Comunità/Diritti/Europa

Una Pasqua, e un mondo, pieno di domande

A pochi giorni dalla Pasqua e dal periodo festivo che ha portato con sé, non posso non pormi alcune domande, volgendo lo sguardo al nostro mondo.
Questa non è stata una Pasqua di pace.

Una dittatura decennale ed ereditaria, da tempo ha iniziato a sfidare la comunità internazionale, dando sempre più l’impressione di azioni dimostrative per propaganda interna piuttosto che una minaccia globale, ma sicuramente in grado di destabilizzare l’area e utilizzare armi nucleari. Cosa accadrà se i capi di questi due stati vorranno dar seguito a quel sentimento di rivalsa personale e a quella follia delirante di supremazia l’uno sull’altro?
E a chi, come il sen. Antonio Razzi, si professa, in maniera grottesca, amico sia di Assad che di Kim-Jong-Un cosa potremmo dire? Scegliti meglio gli amici?
Mentre assistiamo a uno sconvolgente e scellerato uso di armi chimiche contro i civili in Siria, dove si continua a morire senza soluzione di continuità, nel nostro Paese dobbiamo ancora fare i conti con il fronte trasversale dell’ “aiutiamoli a casa loro” costituito dalla Destra, la Lega e i 5Stelle. Mentre la comunità internazionale deve riuscire al più presto ad aprire corridoi umanitari che consentano ai civili di mettersi in salvo noi dobbiamo far fronte ad alcune dichiarazione dei nostri politici, immaginandoci cosa potremmo rispondere. Come spiegargli che “casa loro” non esiste più, e se ancora è in piedi è un luogo pericolosissimo dove è impossibile vivere dignitosamente? In quei luoghi non servono banconote (come quelle che qualcuno con eccesso di altruismo voleva stampare e gettare dal cielo) perché la carta e le monete non si possono mangiare e non servono per curare le ferite. Quello che serve è la pace.

Guardando alla Russia, poco lontano da noi, mi chiedo cosa sarebbe accaduto se senza il coraggio dei giornalisti di Nowaya Gazeta, eredi degli insegnamenti e dell’esempio di Anna Politoskaya, il mondo non avesse conosciuto le persecuzioni, agli arresti, le torture e la morte di molti appartenenti alla comunità LGBT in Cecenia? Bene ha fatto il Parlamento Europeo ad attivarsi immediatamente per tentare di fermare la persecuzione in atto in Cecenia degli appartenenti alla comunità LGBT, ma quando azioni decise affinché il rispetto dei diritti umani non sia solamente una dichiarazione di intenti ?

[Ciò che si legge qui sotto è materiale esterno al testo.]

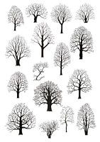 Silhouetten van bomen in de winter. Illustraties Jasper de Ruiter.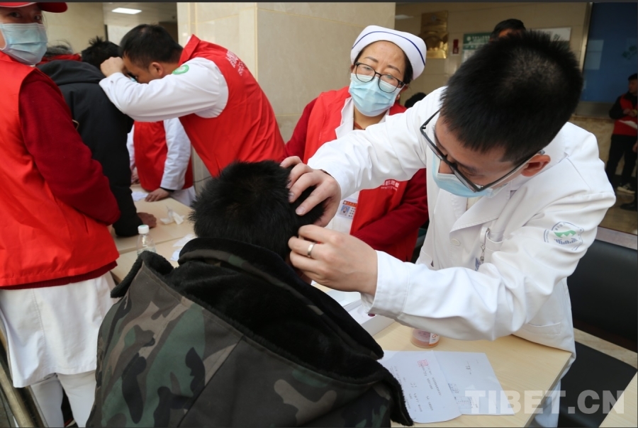 上午九点半,义诊现场已排起长队,闻讯而来的群众络绎不绝。由重庆医科大学附属第一医院听力师马国庭带队的4名专家专程从重庆来到昌都,与昌都市人民医院的6名医生组成联合医疗队,耐心询问患者病情,并借助专业设备仔细检查。一句句温暖的叮嘱,让这个高原初春暖意融融。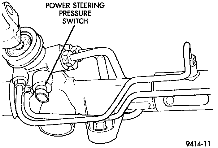 A pressure sensing switch is located on the power steering gear. The switch (Fig. 16) provides an input to the PCM during periods of high pump load and low engine RPM; such as during parking maneuvers.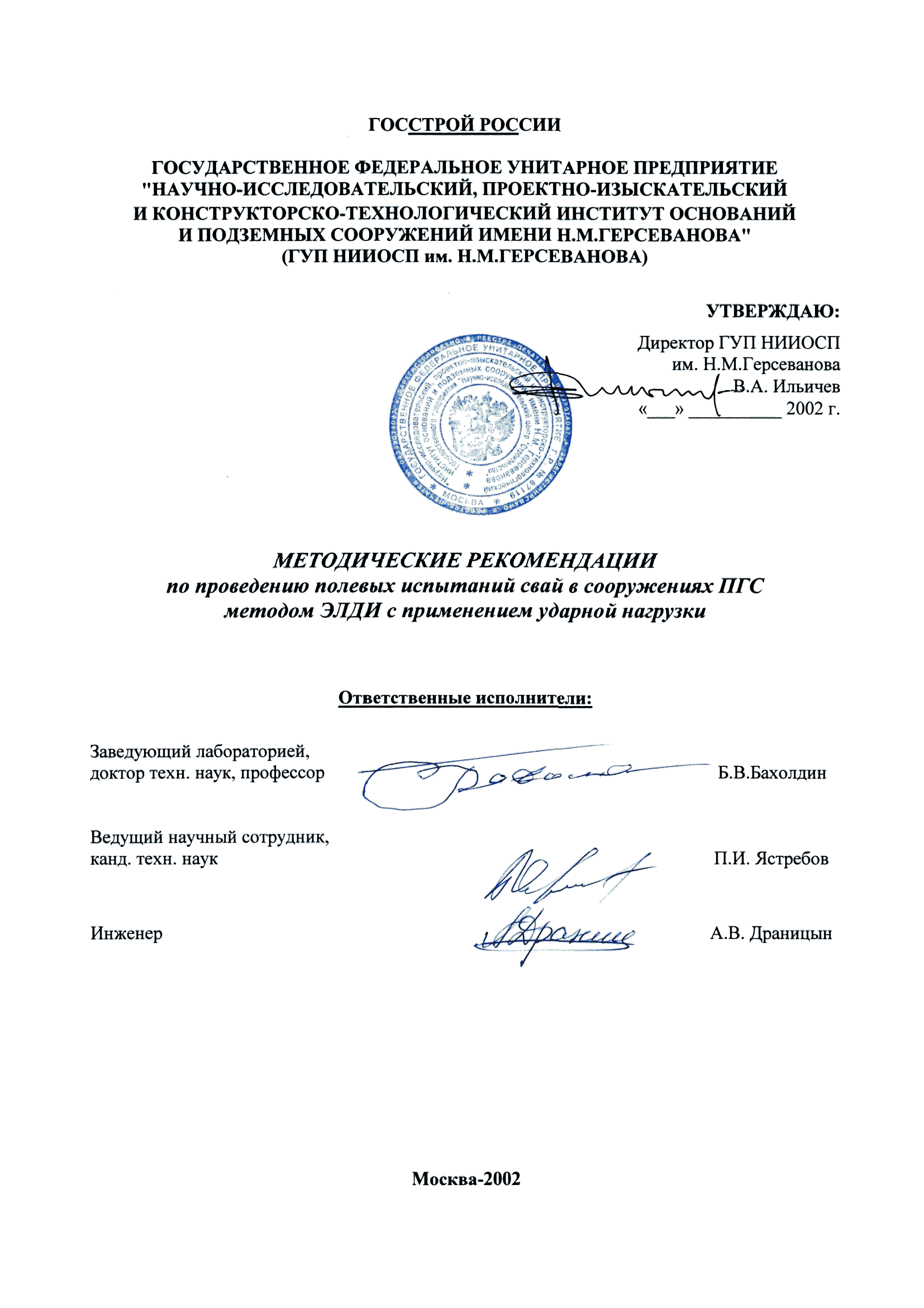 | Название рус.: | Методические рекомендации по проведению полевых испытаний свай в сооружениях ПГС методом ЭЛДИ с применением ударной нагрузки |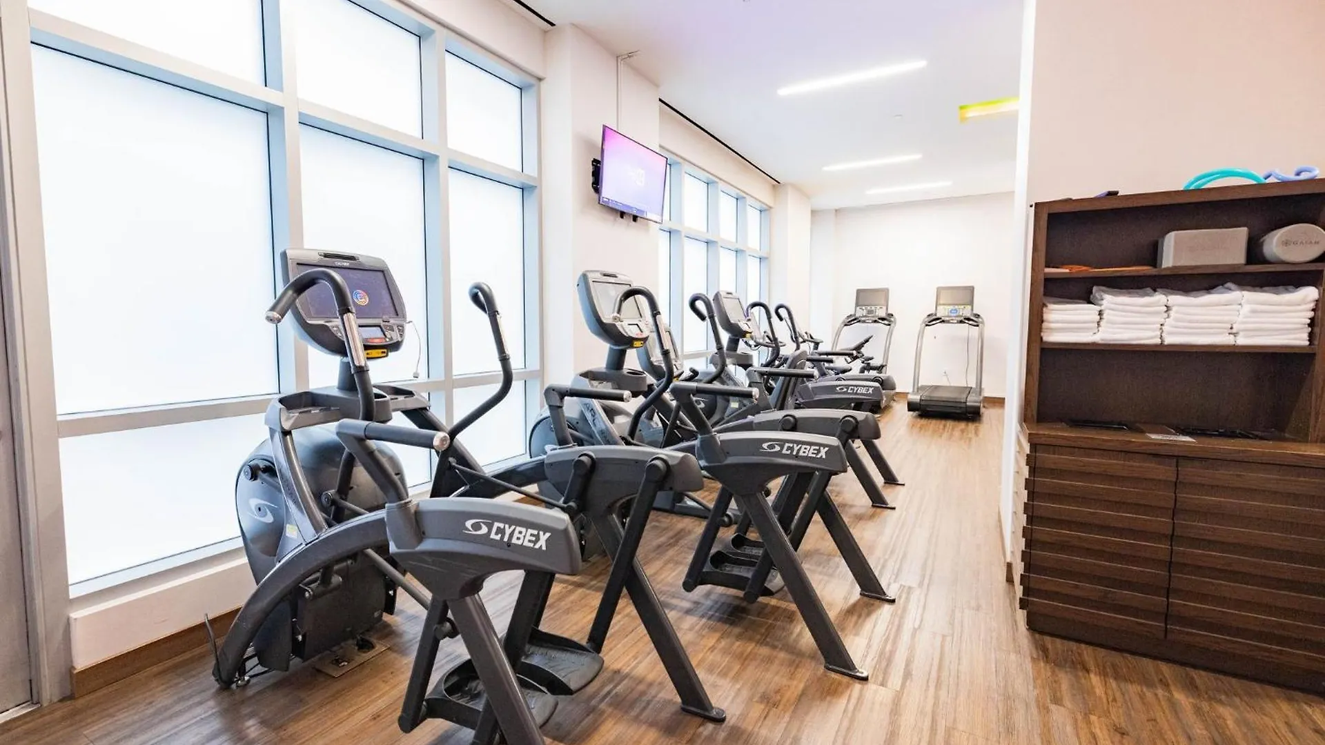 Guests can work out in a gym during their stay.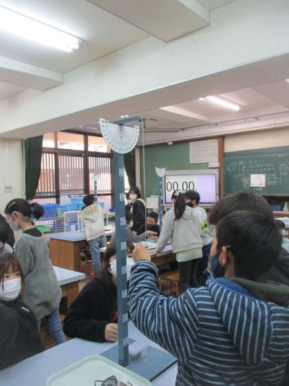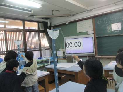 理科の授業です。「ふりこの動き」の単元に入りました。ふりこの1往復する時間は何によって決まるのかについて考えました。ふりこの長さ,おもりの重さ,ふれはば,どれによって変わるのか,実験をしながら学習を進めました。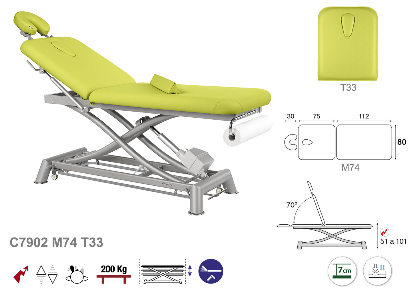 Camilla ecopostural eléctrica de dos cuerpos con estructura de tijera gris. Anchos disponibles: 70 y 80 cm. Largo 188 cm. Largo del cabezal: 75 cm, reclinable 70º. Altura regulable entre 51 y 101 cm con sistema hidráulico. Posee una firmeza media con espuma de 7 cm de grosor. Control periférico y motor rápido. Incluye portarrollos.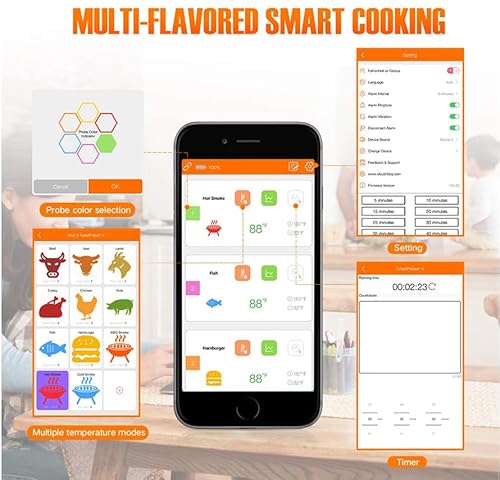 • Smartphone App Integration: Real-time temperature updates and cooking alerts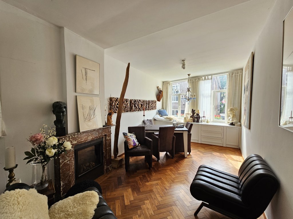 Middels een gang met een trapopgang door naar de eerste etage waar u de woonkamer vindt met een karaktervolle teakhouten vloer en een onbetaalbaar zicht in een van de mooiste steegjes van de binnenstad.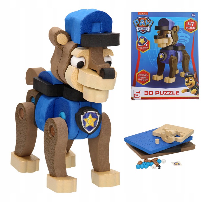 У вашего ребенка уже есть целая коллекция традиционных головоломок? Она фанатка мультфильма «Щенячий патруль»? Чтобы совместить интересы ребенка, мы предлагаем проверенный способ творческого развлечения со сказочным героем – 3D-пазлы. В наборе 47 элементов из пенопласта, который полностью безопасен для детей. Просто удалите пенопластовые элементы из форм и начните свое строительное приключение. После завершения этих уникальных головоломок создастся один из героев - ПОГОНЯ.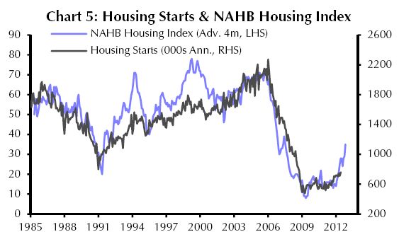 Ein klarer Lichtblick bei der Beurteilung der amerikanischen Wirtschaftslage ist die Situation am Häusermarkt. Hier hat die steigende Anzahl der Hausverkäufe und eine Erholung der Preise einen positiven Einfluss auf die Bauwirtschaft insgesamt. Der vorlaufende Charakter des NAHB Homebuilders Index lässt erwarten, dass die Zahl der Neubaubeginne noch weiter deutlich zulegt und die 1 Million-Grenze erreichen kann.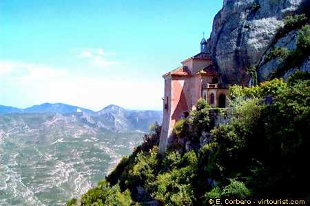 In this photo you can see the Santa Cova (Holy Cave), where according to the legend our Lady of Montserrat ("La Monereta") was found. The chapel you see was built in the 17th century, and was recently restored. Do not miss the votive offerings rooms.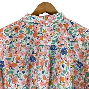 St. Johns Bay Colorful Floral Button Up Shirt Plus XXL 100% Cotton Long SleevesPink Green Orange Yellow White Multicolor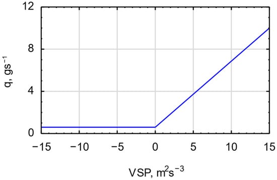 Another important step in the VSP model is the determination of fuel consumption q (gs−1) as a function of the VSP index. For this purpose, the collected data on total fuel consumption on a given route are used. An example of fuel consumption q as a function of the VSP index is shown in Figure 6. The horizontal section of fuel consumption in Figure 6 allows to determine the energy consumed when the bus is stationary. The remaining part of the waveform q = f(VSP) makes it possible to determine the energy consumption required during the bus movement.

Infine il referendum turco. Nel giro di poco più di 10 anni la Turchia si è trasformata da un Paese esempio di inclusione tra fede e laicità a un’oligarchia ripiegata su sé stessa. Ciò che impressiona, tra le tante cose, è la rapidità con cui si sono succeduti gli eventi degli ultimi 10 mesi. Come si possono fare paragoni tra il referendum turco e quello italiano del 4 dicembre? Come si possono accostare una proposta di riforma per snellire la burocrazia di questo Paese con la reale svolta autoritaria turca? Come lo si può fare senza dimostrare una preoccupante miopia politica, incapace di valutare le differenze dal punto di vista dei contenuti e del contesto sociale? È evidente che dal tentativo di colpo di stato del luglio scorso, le successive retate che hanno portato in carcere giornalisti, professori universitari e politici abbiano mostrato inequivocabilmente il vero volto di Erdogan.

[E sempre rimanendo in Turchia dobbiamo mobilitarci tutti fino a quando il giornalista freelance Gabriele Del Grande non sarà rilasciato, utilizzando tutti gli strumenti diplomatici possibili. #GabrieleLiberoSubito].
Non è stata una Pasqua di pace. “Per quanto voi vi sentiate assolti, siete per sempre coinvolti” cantava De Andrè e aveva ragione. Perché quello che accade oggi nel mondo, per quanto distante da noi, non può, non deve lasciarci indifferenti.
Di fronte a questi eventi e al sentimento di impotenza, spesso frustrante, che ci può cogliere, noi non dobbiamo smettere di farci domande. Non dobbiamo voltarci dall’altra parte. Ma soprattutto, con tutta la nostra caparbietà e inidpendenza di pensiero, non dobbiamo smettere di pretendere risposte. O costruirle, laddove non ci piacciano quelle che abbiamo.